**Exercise brief:** When you reach the records below, output every one exactly as written but leave out any pictures.

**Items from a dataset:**
+ + + + + + +

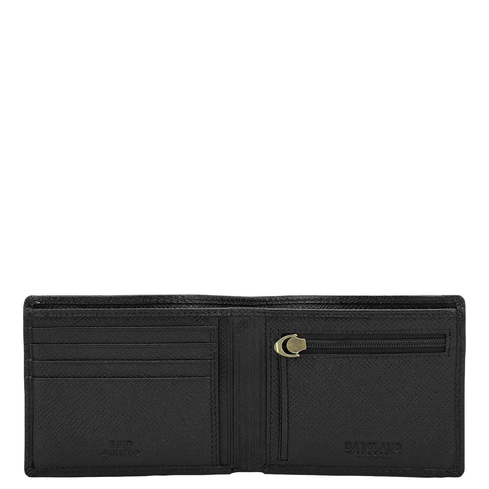 Crafted from textured leather, Da Milano men's bifold wallet offers a compact yet stylish design. Featuring easy-to-organize compartments, card slots, and pockets, it combines practicality with elegance. Subtle branding on the front enhances its refined appearance.
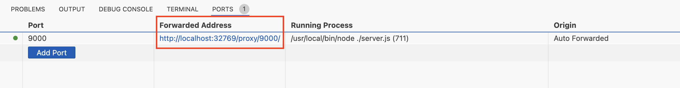 - To access the forwarded port URL, go to the "Ports" section in your IDE terminal. From there, you can easily open the forwarded port URL.
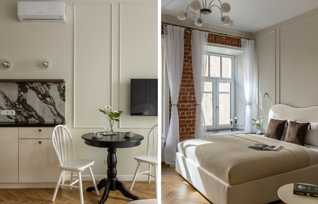 В этой петербургской квартире каждый метр работает на ощущение комфорта Студию площадью 30 м² в Санкт-Петербурге дизайнер Екатерина Шейн оформляла для сдачи в аренду с учетом жестких инженерных ограничений и необходимости разместить все базовые функции. Важным было сохранить исторический характер пространства, не перегрузив его мебелью и декором. В итоге интерьер получился компактным и логичным, а многие решения легко адаптировать и для других небольших квартир. Кухню разместили на входе в комнату, а не в прихожей, чтобы она воспринималась логично и не выглядела сервисной зоной. Решение помогает сохранить ощущение цельного пространства: кухня не доминирует, а аккуратно встроена в сценарий жизни. Кухонные блоки выполнены уменьшенной глубины — от 35 до 50 см, что позволило сохранить комфортные проходы и не съедать полезную площадь, и при этом функциональность кухни не пострадала. Между кухней и зоной отдыха появилась стена, которая не перекрывает свет, но четко разделяет функции: она пом
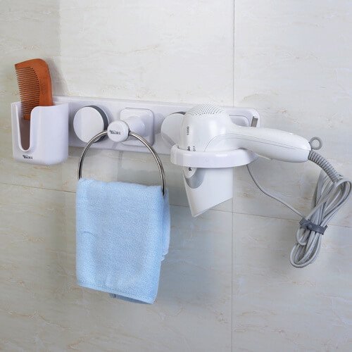 Suction cup bathroom organizer just want to offer you combined baskets to hold towel , hair dryer and makeup accessories .
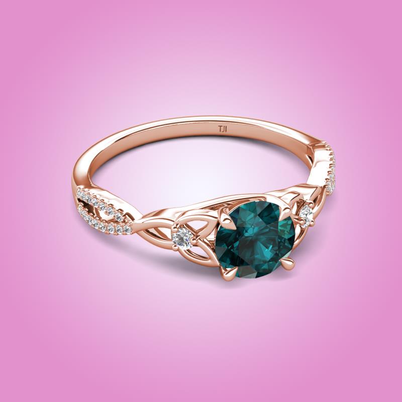 Round London Blue Topaz set in Tiger Claw Four Prong and Side Round Natural Diamond of 1.16 ctw Women Celtic Love Knot Entwined Engagement Ring in 10K Rose Gold More Details ...
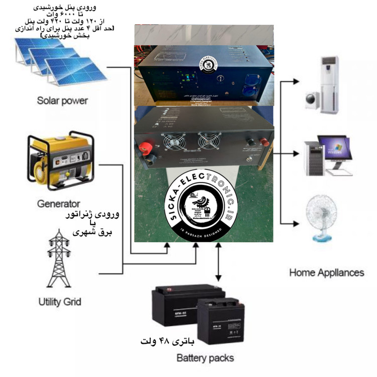 انتخاب خروجی : سوویچ و انتخاب هوشمند خروجی با توجه اتصالات پنل،باتری،برق شهری یا ژنراتور
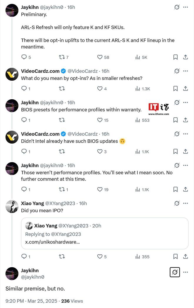 3 月 26 日消息,X 平台消息人士 Jaykihn (@jaykihn0) 北京时间昨日表示,根据其掌握的初步情况,英特尔酷睿 Ultra 200S "Arrow Lake-S" 系列处理器的 "Refresh" 刷新版将仅包含不锁频的 "-K" "-KF" 变体,锁频款式不会更新。
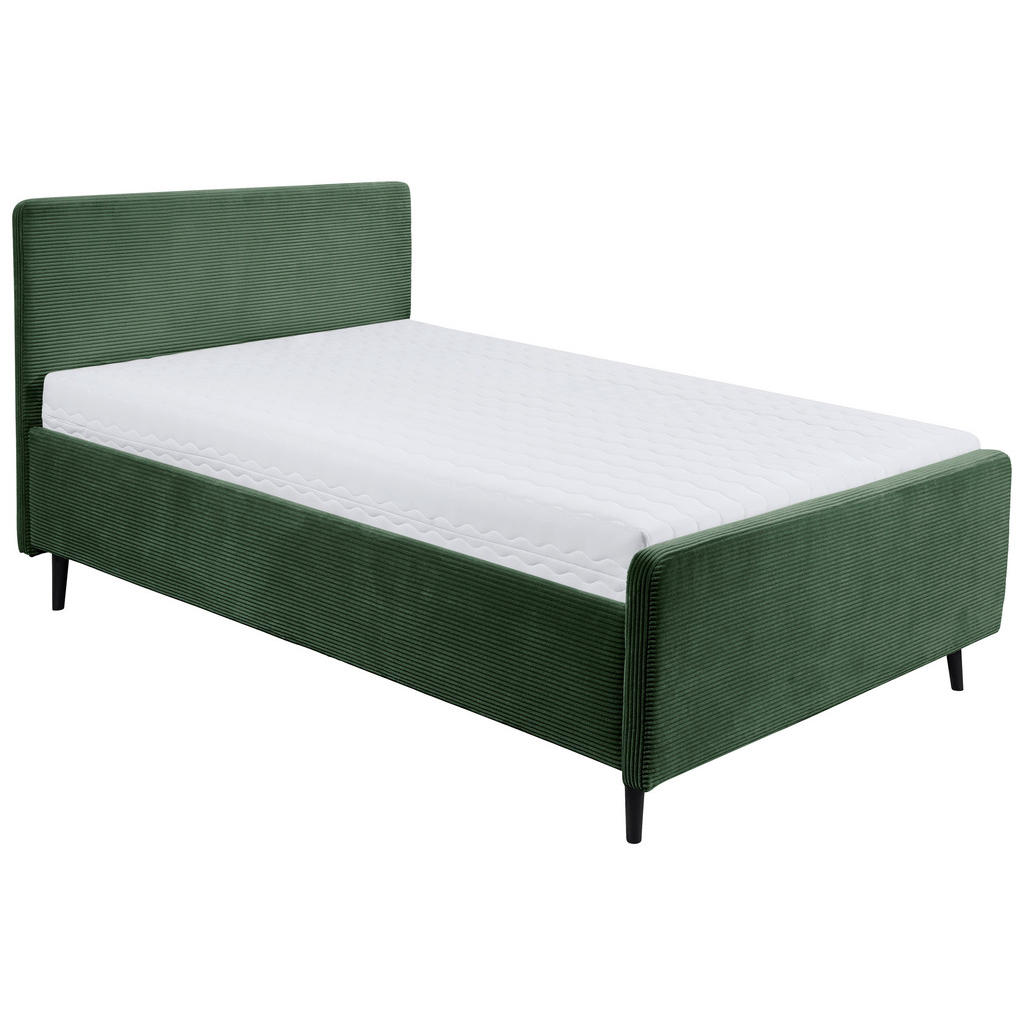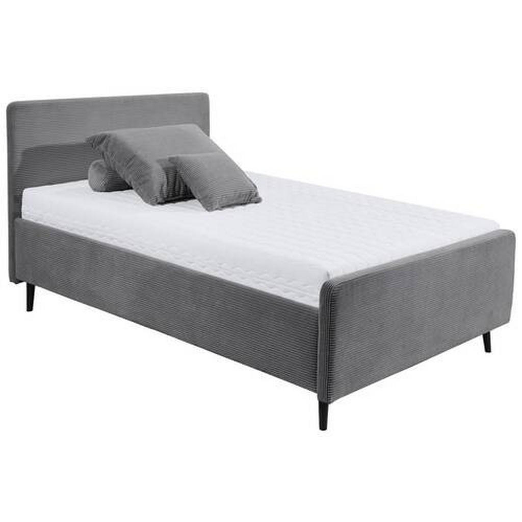 OBLAZINJENA POSTELJA 120 cm x 200 cm , tekstil, leseni material temno siva
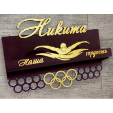 Сверху медальницы написано имя, а спереди на полке надпись "Наша гордость" и фигурка пловца...
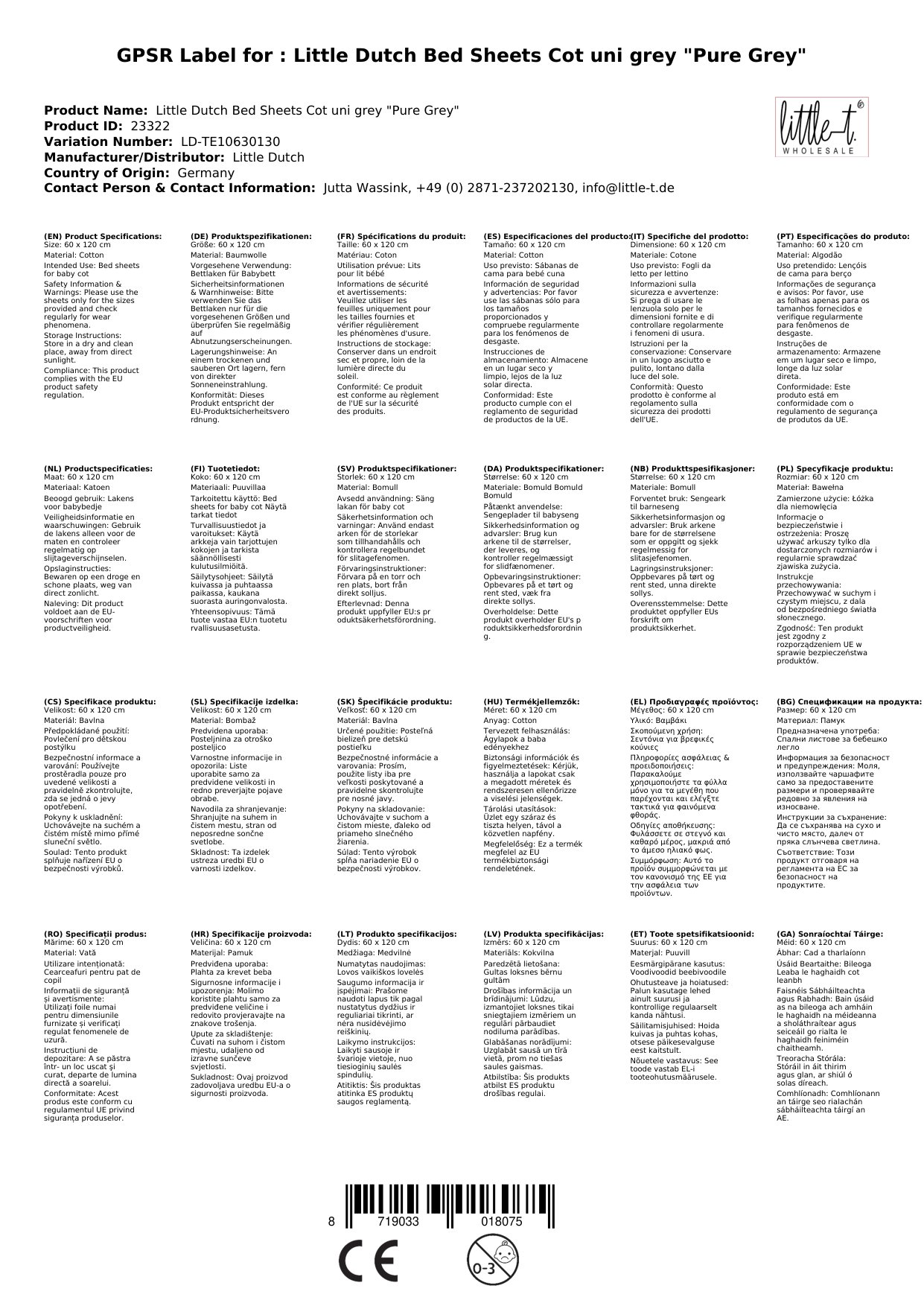 Little Dutch Bettlaken Babybett uni grau "Pure Grey", Größe: 60 x 120 cm
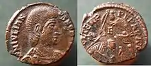 Julien césar imberbe. Monnaie frappée à Arles en 358.
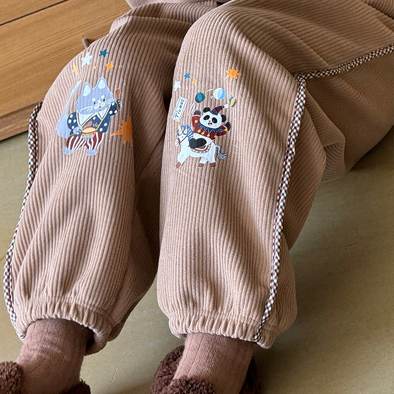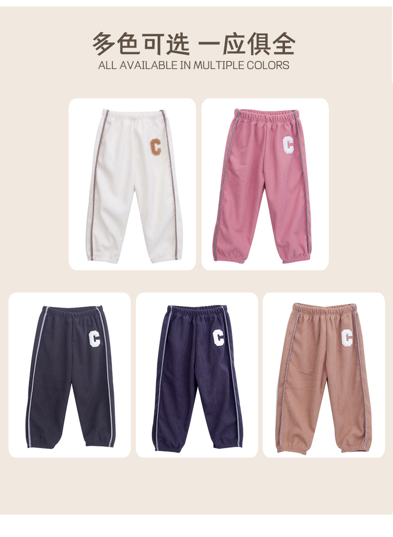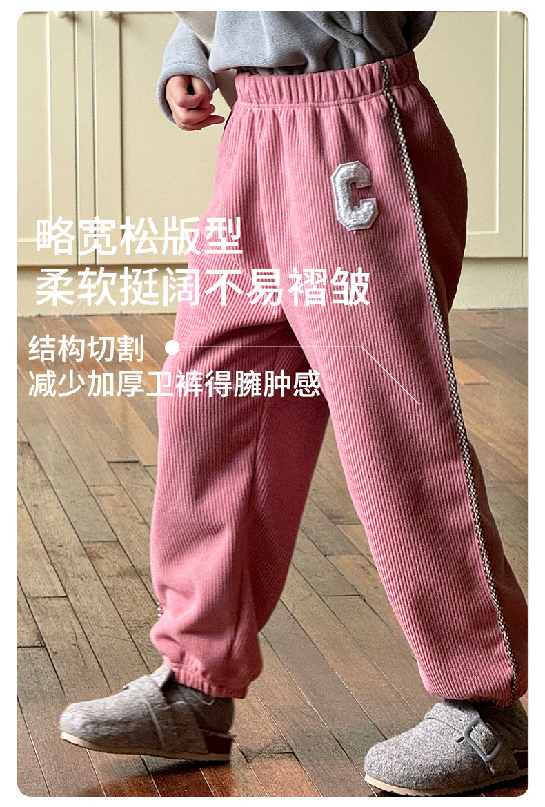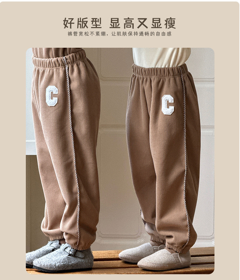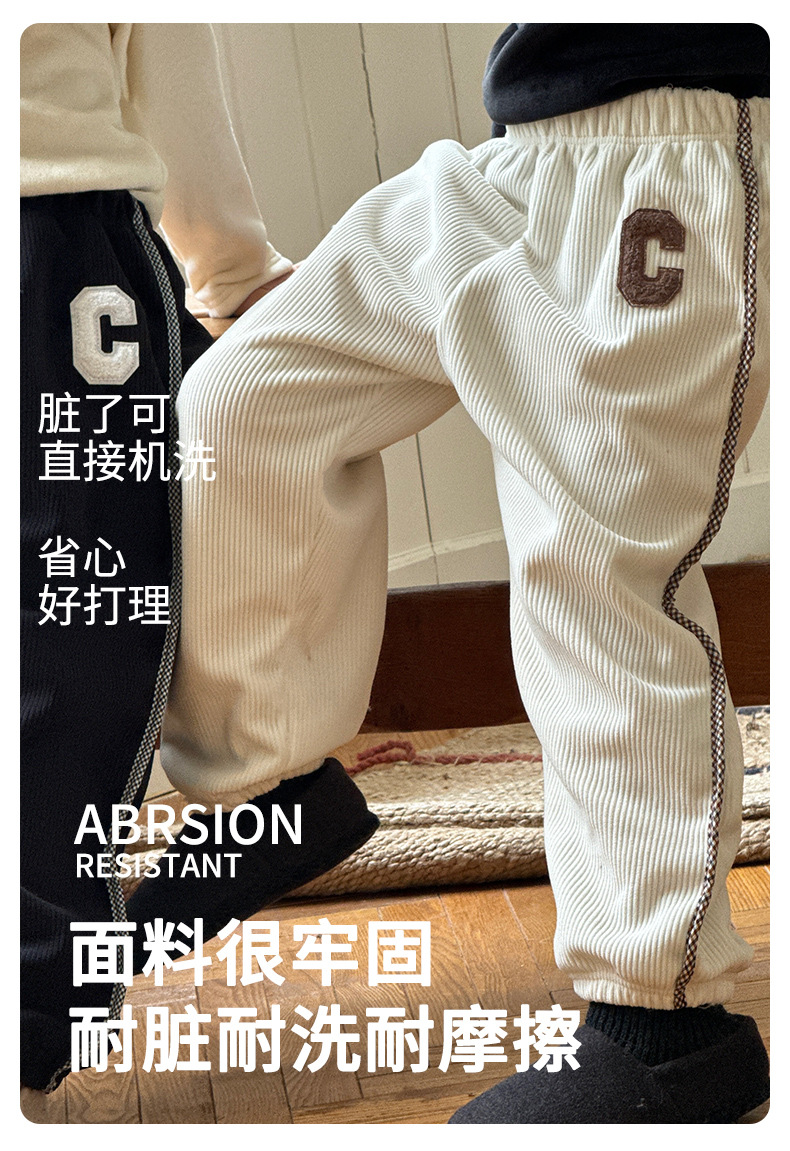 가을과 겨울 새로운 어린이 스포츠 캐주얼 바지 소년 기모 두꺼운 나사 바지 중소 소녀 발 따뜻한 바지
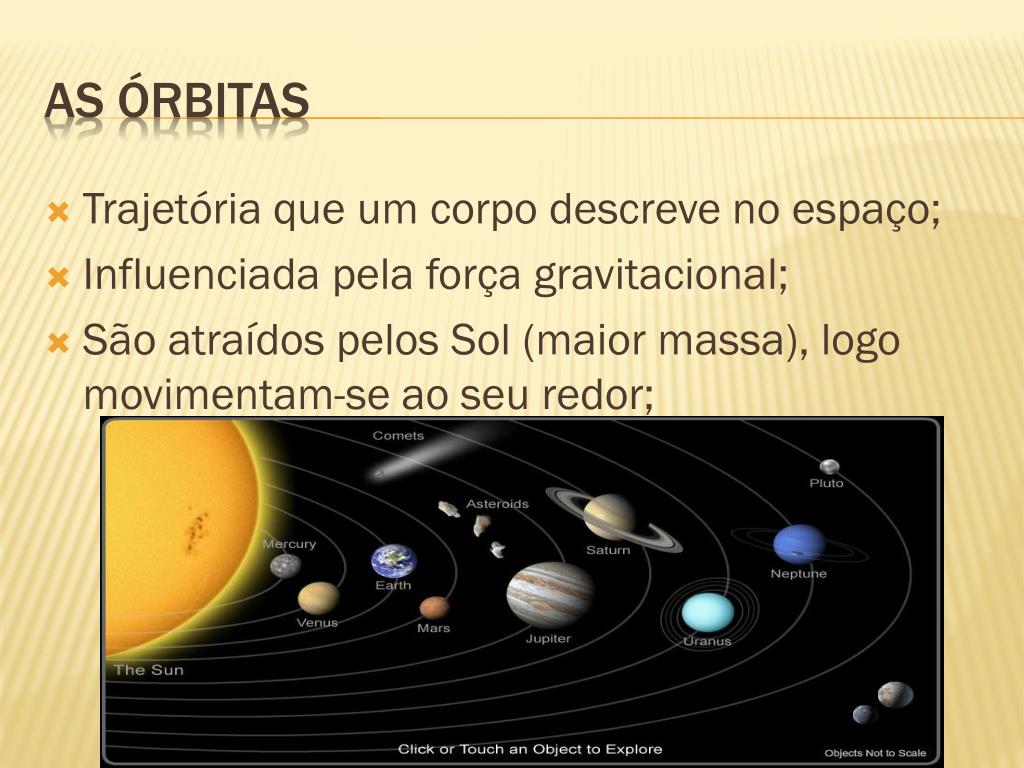 Trajetória que um corpo descreve no espaço; Influenciada pela força gravitacional; São atraídos pelos Sol (maior massa), logo movimentam-se ao seu redor; As órbitas

+ + + + + + +

**Worked solution:**
 Crafted from textured leather, Da Milano men's bifold wallet offers a compact yet stylish design. Featuring easy-to-organize compartments, card slots, and pockets, it combines practicality with elegance. Subtle branding on the front enhances its refined appearance.
 - To access the forwarded port URL, go to the "Ports" section in your IDE terminal. From there, you can easily open the forwarded port URL.
 В этой петербургской квартире каждый метр работает на ощущение комфорта Студию площадью 30 м² в Санкт-Петербурге дизайнер Екатерина Шейн оформляла для сдачи в аренду с учетом жестких инженерных ограничений и необходимости разместить все базовые функции. Важным было сохранить исторический характер пространства, не перегрузив его мебелью и декором. В итоге интерьер получился компактным и логичным, а многие решения легко адаптировать и для других небольших квартир. Кухню разместили на входе в комнату, а не в прихожей, чтобы она воспринималась логично и не выглядела сервисной зоной. Решение помогает сохранить ощущение цельного пространства: кухня не доминирует, а аккуратно встроена в сценарий жизни. Кухонные блоки выполнены уменьшенной глубины — от 35 до 50 см, что позволило сохранить комфортные проходы и не съедать полезную площадь, и при этом функциональность кухни не пострадала. Между кухней и зоной отдыха появилась стена, которая не перекрывает свет, но четко разделяет функции: она пом
 Suction cup bathroom organizer just want to offer you combined baskets to hold towel , hair dryer and makeup accessories .
 Round London Blue Topaz set in Tiger Claw Four Prong and Side Round Natural Diamond of 1.16 ctw Women Celtic Love Knot Entwined Engagement Ring in 10K Rose Gold More Details ...
 انتخاب خروجی : سوویچ و انتخاب هوشمند خروجی با توجه اتصالات پنل،باتری،برق شهری یا ژنراتور
 3 月 26 日消息,X 平台消息人士 Jaykihn (@jaykihn0) 北京时间昨日表示,根据其掌握的初步情况,英特尔酷睿 Ultra 200S "Arrow Lake-S" 系列处理器的 "Refresh" 刷新版将仅包含不锁频的 "-K" "-KF" 变体,锁频款式不会更新。
 OBLAZINJENA POSTELJA 120 cm x 200 cm , tekstil, leseni material temno siva
 Сверху медальницы написано имя, а спереди на полке надпись "Наша гордость" и фигурка пловца...
 Little Dutch Bettlaken Babybett uni grau "Pure Grey", Größe: 60 x 120 cm
 Julien césar imberbe. Monnaie frappée à Arles en 358.
 가을과 겨울 새로운 어린이 스포츠 캐주얼 바지 소년 기모 두꺼운 나사 바지 중소 소녀 발 따뜻한 바지
 Trajetória que um corpo descreve no espaço; Influenciada pela força gravitacional; São atraídos pelos Sol (maior massa), logo movimentam-se ao seu redor; As órbitas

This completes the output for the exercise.